> _What the task requires_
Return the lines of the listing below exactly as they appear, beginning at the one with "昼食後、甲斐の駅いさわへ行き" and stopping after the one with "Internet Explorer などのブラウザソフトで"; do not include pictures.

> _Extracted information_
━━━━━━━━━━━━━━━━

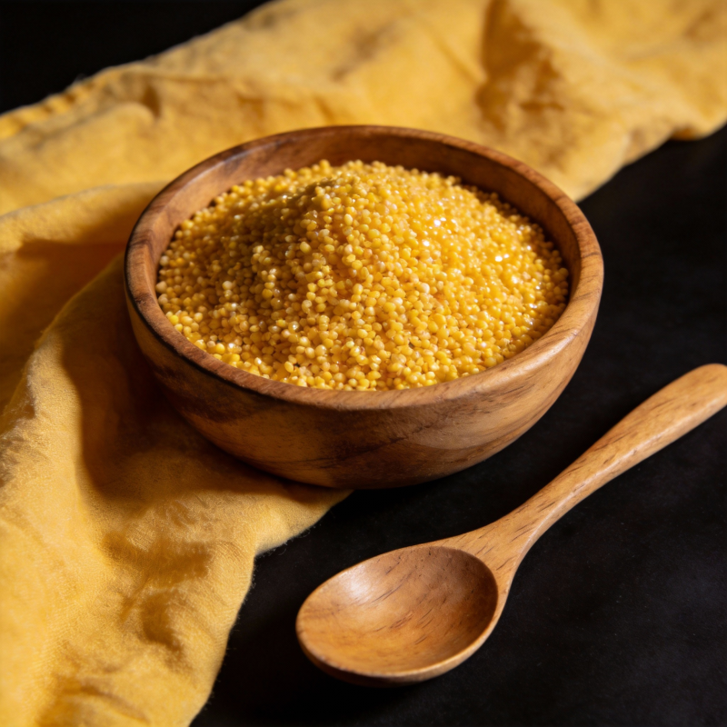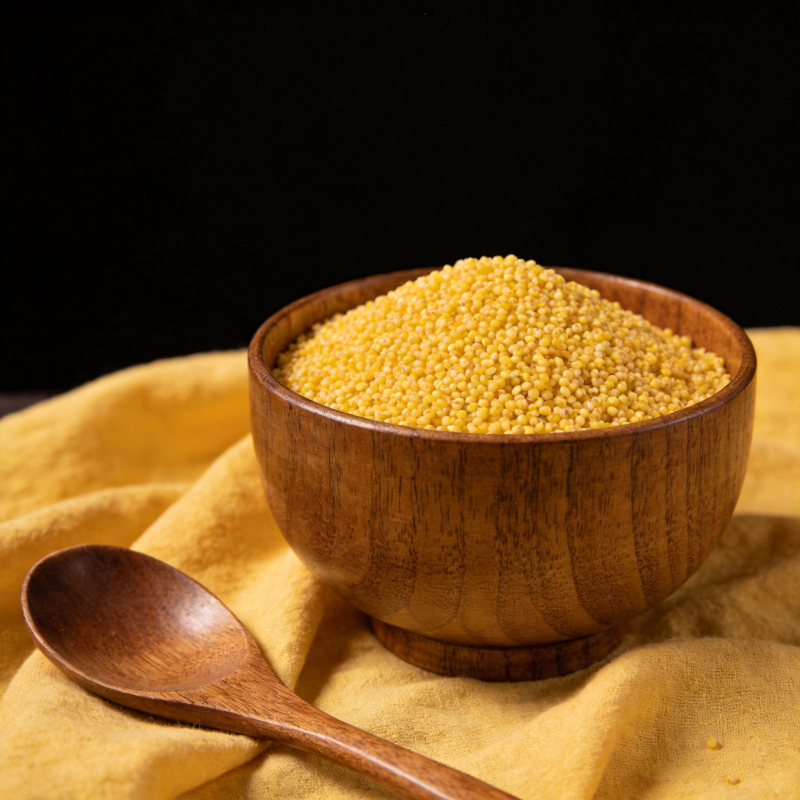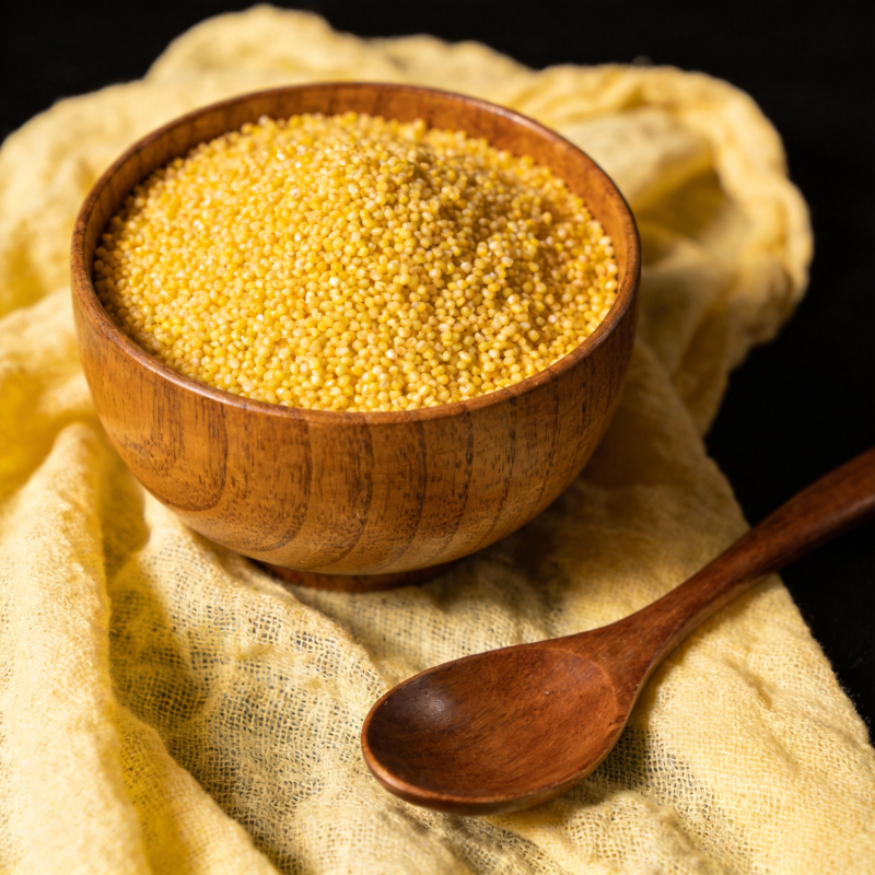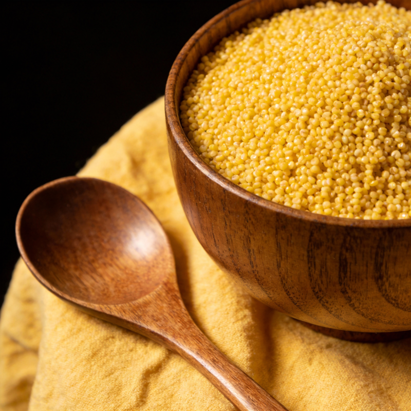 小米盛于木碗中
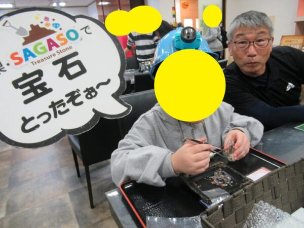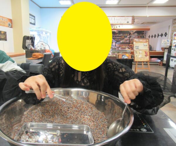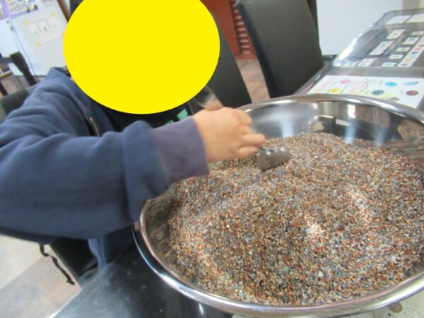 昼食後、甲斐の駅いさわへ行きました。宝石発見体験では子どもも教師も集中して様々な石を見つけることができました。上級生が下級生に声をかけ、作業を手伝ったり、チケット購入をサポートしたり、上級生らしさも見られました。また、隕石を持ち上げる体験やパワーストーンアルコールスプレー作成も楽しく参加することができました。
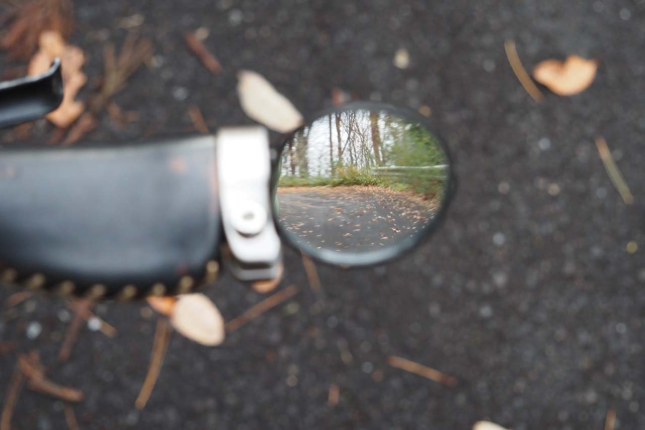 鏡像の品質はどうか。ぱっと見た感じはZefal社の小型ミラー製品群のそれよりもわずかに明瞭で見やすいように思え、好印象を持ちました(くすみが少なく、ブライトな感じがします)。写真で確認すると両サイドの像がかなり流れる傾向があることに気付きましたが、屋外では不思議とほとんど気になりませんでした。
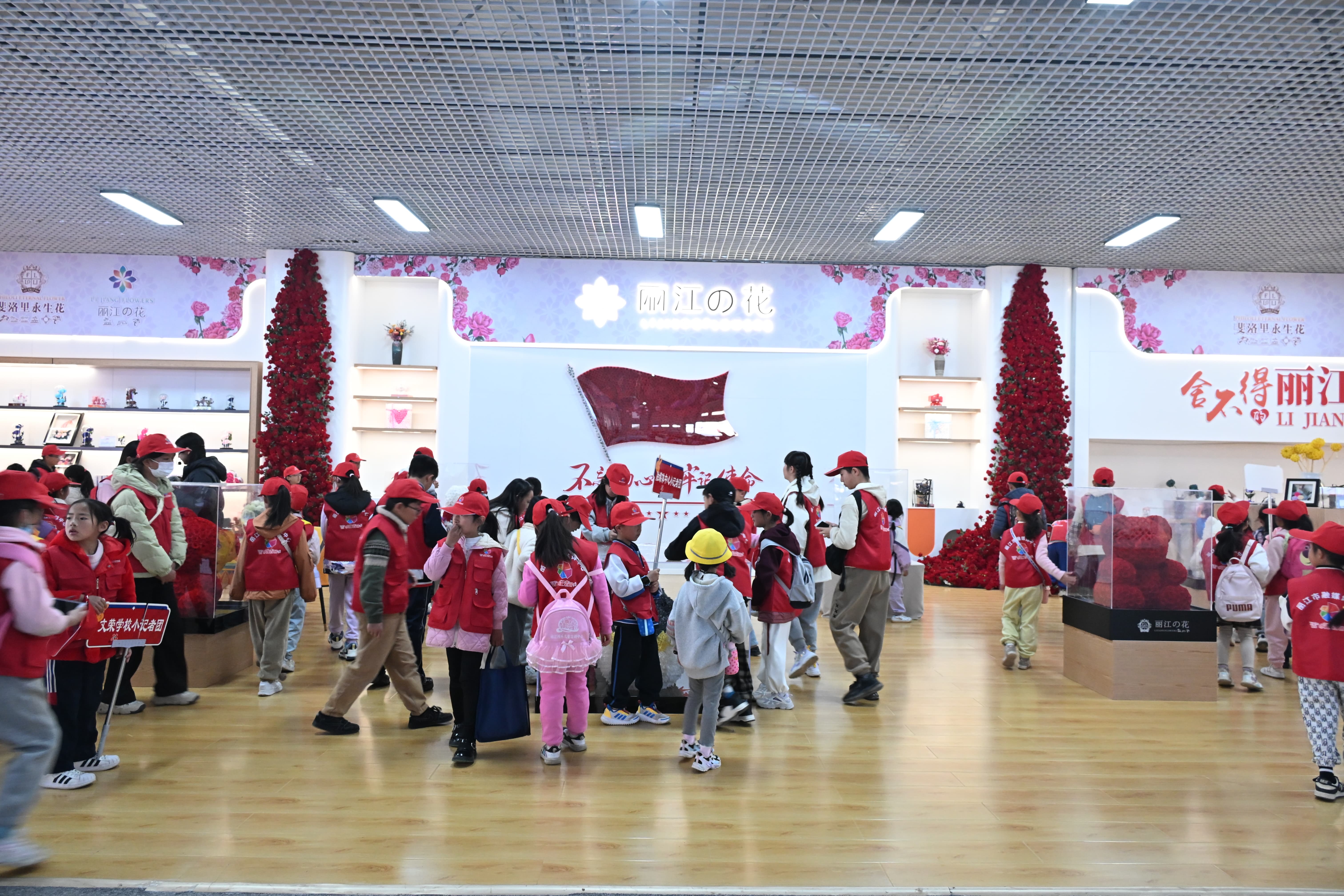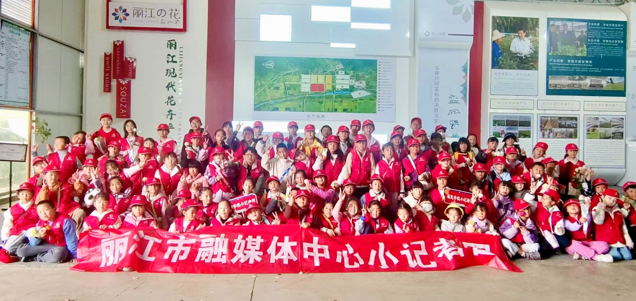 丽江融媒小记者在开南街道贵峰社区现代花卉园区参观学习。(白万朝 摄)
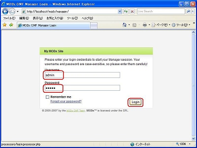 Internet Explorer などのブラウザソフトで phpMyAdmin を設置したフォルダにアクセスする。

━━━━━━━━━━━━━━━━

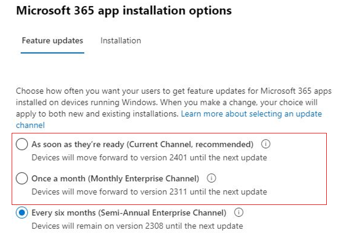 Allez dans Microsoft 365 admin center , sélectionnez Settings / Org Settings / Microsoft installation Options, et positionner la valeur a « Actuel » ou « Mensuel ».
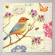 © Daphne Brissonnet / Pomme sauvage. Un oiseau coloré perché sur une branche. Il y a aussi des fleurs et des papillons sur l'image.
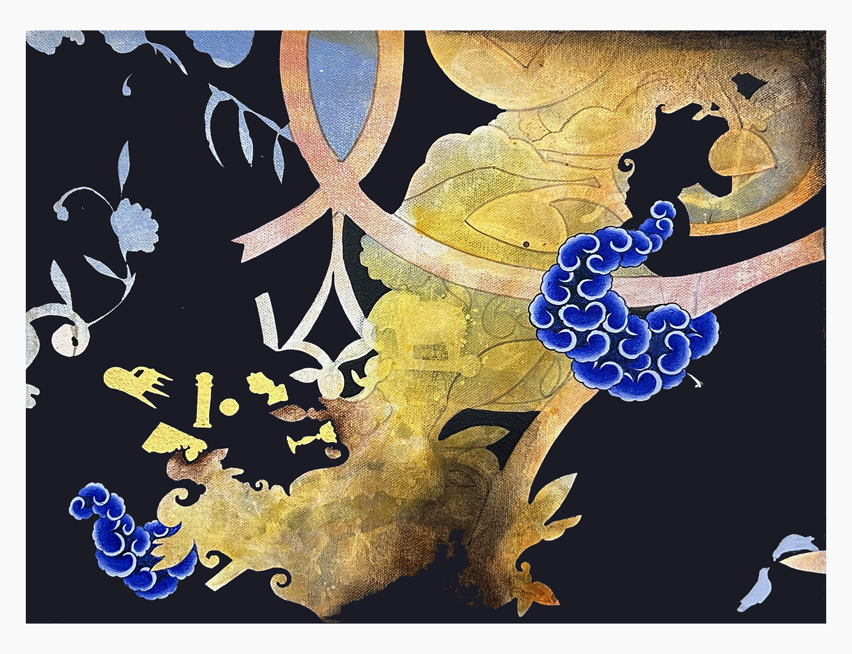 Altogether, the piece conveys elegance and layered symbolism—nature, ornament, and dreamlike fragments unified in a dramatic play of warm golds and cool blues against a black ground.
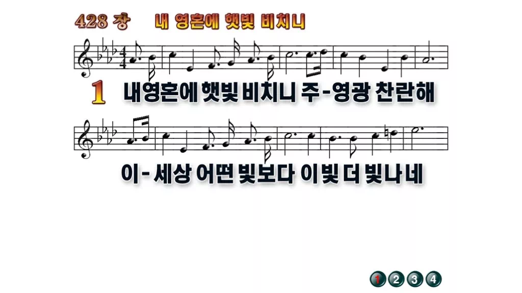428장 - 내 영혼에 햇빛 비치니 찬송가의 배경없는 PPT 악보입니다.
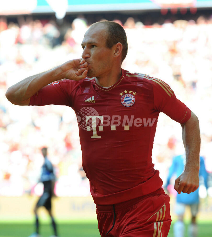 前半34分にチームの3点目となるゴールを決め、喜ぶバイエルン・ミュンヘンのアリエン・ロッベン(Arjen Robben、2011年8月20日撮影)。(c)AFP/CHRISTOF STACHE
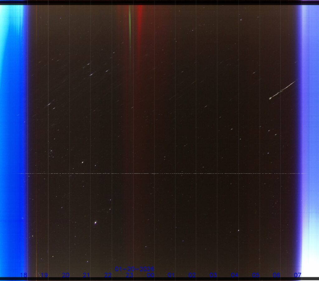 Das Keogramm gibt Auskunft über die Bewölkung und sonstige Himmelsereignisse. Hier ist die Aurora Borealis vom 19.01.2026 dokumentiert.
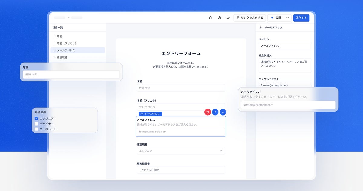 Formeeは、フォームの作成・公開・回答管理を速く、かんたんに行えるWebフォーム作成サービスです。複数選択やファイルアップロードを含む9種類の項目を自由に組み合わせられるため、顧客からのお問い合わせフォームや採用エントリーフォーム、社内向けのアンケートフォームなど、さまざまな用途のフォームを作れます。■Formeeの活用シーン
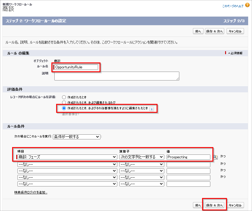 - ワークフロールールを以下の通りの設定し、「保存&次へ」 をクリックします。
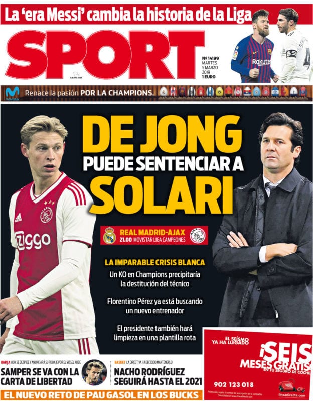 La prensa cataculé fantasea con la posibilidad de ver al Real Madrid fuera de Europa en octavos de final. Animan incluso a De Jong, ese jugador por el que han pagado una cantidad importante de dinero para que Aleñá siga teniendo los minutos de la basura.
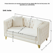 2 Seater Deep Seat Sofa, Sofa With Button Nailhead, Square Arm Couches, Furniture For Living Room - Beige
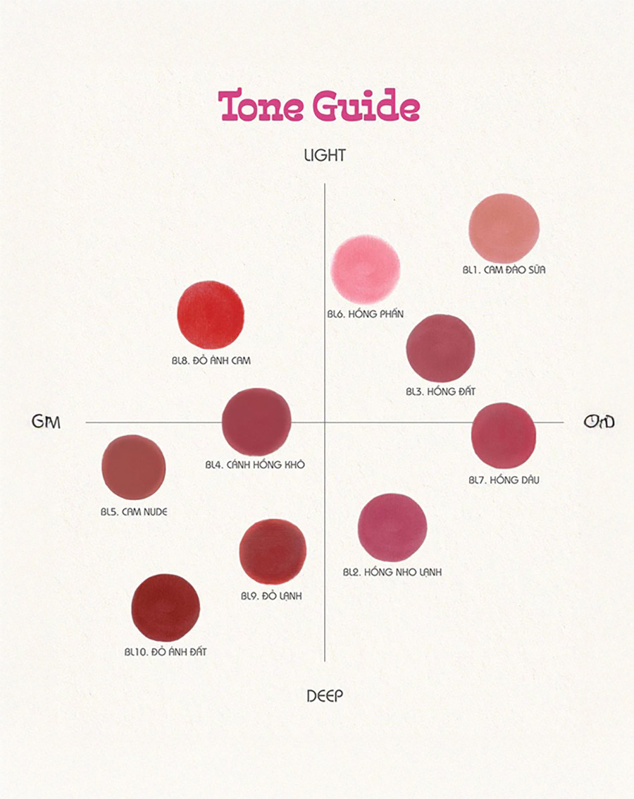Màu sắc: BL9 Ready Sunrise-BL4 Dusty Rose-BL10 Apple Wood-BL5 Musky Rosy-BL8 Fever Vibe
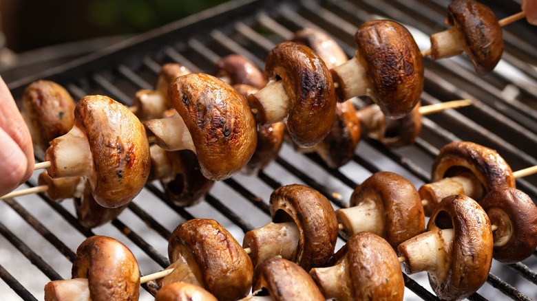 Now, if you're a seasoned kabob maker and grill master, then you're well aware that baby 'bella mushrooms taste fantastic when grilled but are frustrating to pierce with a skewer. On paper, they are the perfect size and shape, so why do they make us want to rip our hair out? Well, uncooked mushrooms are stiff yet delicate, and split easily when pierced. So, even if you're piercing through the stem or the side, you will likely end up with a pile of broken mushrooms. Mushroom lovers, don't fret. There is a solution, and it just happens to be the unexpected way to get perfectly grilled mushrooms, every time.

━━━━━━━━━━━━━━━━

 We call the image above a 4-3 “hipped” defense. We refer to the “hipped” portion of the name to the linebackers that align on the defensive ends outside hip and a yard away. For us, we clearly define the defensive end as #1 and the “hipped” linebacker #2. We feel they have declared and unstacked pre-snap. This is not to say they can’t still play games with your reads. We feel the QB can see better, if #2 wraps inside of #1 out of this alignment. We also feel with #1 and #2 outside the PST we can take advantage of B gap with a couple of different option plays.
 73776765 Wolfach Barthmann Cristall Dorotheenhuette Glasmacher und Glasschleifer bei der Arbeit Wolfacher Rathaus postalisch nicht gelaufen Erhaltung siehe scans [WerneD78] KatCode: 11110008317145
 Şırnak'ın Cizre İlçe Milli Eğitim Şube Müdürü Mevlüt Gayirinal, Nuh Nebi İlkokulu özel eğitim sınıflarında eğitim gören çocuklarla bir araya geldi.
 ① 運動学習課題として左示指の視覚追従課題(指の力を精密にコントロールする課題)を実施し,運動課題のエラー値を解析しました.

━━━━━━━━━━━━━━━━

> _Response for this exercise_
 昼食後、甲斐の駅いさわへ行きました。宝石発見体験では子どもも教師も集中して様々な石を見つけることができました。上級生が下級生に声をかけ、作業を手伝ったり、チケット購入をサポートしたり、上級生らしさも見られました。また、隕石を持ち上げる体験やパワーストーンアルコールスプレー作成も楽しく参加することができました。
 鏡像の品質はどうか。ぱっと見た感じはZefal社の小型ミラー製品群のそれよりもわずかに明瞭で見やすいように思え、好印象を持ちました(くすみが少なく、ブライトな感じがします)。写真で確認すると両サイドの像がかなり流れる傾向があることに気付きましたが、屋外では不思議とほとんど気になりませんでした。
 丽江融媒小记者在开南街道贵峰社区现代花卉园区参观学习。(白万朝 摄)
 Internet Explorer などのブラウザソフトで phpMyAdmin を設置したフォルダにアクセスする。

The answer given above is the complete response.